Control Freak: Commit rejected. Foxtrot merges not allowed in Bitbucket

The easiest way to avoid this problem is to always run "git pull --rebase" and to never run default "git pull". Here's a deep dive blog post on that: Too much fun with "git pull --rebase"

The reason you're encountering this problem is because your company has installed the free Control Freak plugin for Bitbucket and they have left its default Foxtrot Prevention control enabled for all branches.

If you're on Bitbucket Server 5.5 or newer you can rebase pull-requests directly from the pull request screen. Click on the "..." button on the far right of the pull-request screen and a "Rebase" menu item should be available.

Alternatively you can ask an admin to disable the foxtrot prevention. Even repo admins can do this (does not require global admins). But I don't recommend disabling this control since it prevents messy commit history.

Full disclosure: I wrote and maintain the free "Control Freak" plugin for Bitbucket Server.

Note: rebases and amends should never cause foxtrots. Typically only default "git pull" causes foxtrot merges, and "git pull -r" is a great remedy. The "git merge" command can also cause it, but it's rare for people to accidentally create a foxtrot merge when using "git merge" in typical scenarios that call for "git merge". I suspect 99% of the time it's "git pull" that is causing the problem.


That is related to Foxtrot merges, specifcally prohibited on BitBucket:

A foxtrot merge is a specific sequence of git commits. A particularly nefarious sequence. Out in the open, in lush open grasslands, the sequence looks like this:

https://developer.atlassian.com/blog/2016/04/stop-foxtrots-now/02-foxtrot.png

But foxtrots are rarely seen in the open. They hide up in the canopy, in-between the branches. I call them foxtrots because, when caught mid-pounce, they look like the foot sequence for the eponymous ballroom dance:

https://developer.atlassian.com/blog/2016/04/stop-foxtrots-now/foxtrot-redrawn.png

Foxtrot merges are bad because they change origin/master’s first-parent history.

The parents of a merge commit are ordered. The first parent is HEAD. The second parent is the commit you reference with the git merge command.

You can think of it like this:

git checkout 1st-parent
git merge 2nd-parent

If pushed:

https://developer.atlassian.com/blog/2016/04/stop-foxtrots-now/05-foxtrot-pushed.png

As explained in "GIT: How can I prevent foxtrot merges in my 'master' branch?", commit 'D' is a foxtrot merge because 'origin/master' is its 2nd parent.
This is the result of a pull (fetch + merge)
Once that fox-trot merge D is pushed... the first-parent history of 'origin/master' no longer contains commit 'B'!

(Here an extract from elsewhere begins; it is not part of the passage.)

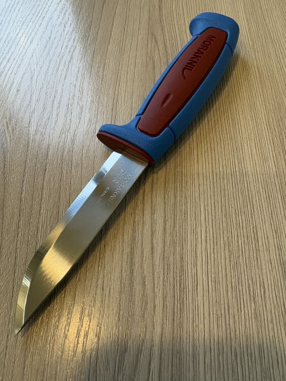 Рукоять выполнена из полипропилена — легкого, прочного и химически стойкого синтетического материала с двухкомпонентной конструкцией, который не боится воды, масел и экстремальных температур. Эргономичная бочкообразная форма с увеличенной геометрией гарантирует надежный хват и комфорт при длительном использовании. Рельефная поверхность обеспечивает уверенное удержание даже во влажных условиях или в перчатках. Выраженная защитная гарда для пальцев оптимизирована для максимальной безопасности при интенсивных работах с ударными нагрузками. Яркая цветовая комбинация делает нож отлично заметным в условиях плохой освещенности. Ножны изготовлены из ударопрочного полипропилена синего цвета и оснащены инновационной системой Morakniv Smart Button System, которая позволяет соединять несколько ножей Morakniv вместе для удобной организации инструментов. Практичная клипса обеспечивает крепление на поясе в вертикальном или горизонтальном положении, держа нож всегда под рукой.

As explained by torek in "how to avoid foxtrot merge in git", this is the result of working directly on master (new commit C), and doing a git pull (instead of a pull --rebase, as I always advice)

That will merge B and C into D (the foxtrot merge), which, once pushed, means the origin/master no longer has B as direct ancestor, but C.
Your work 'C' now becomes the main published branch history (origin/master), instead of B, relegated to something that was merged.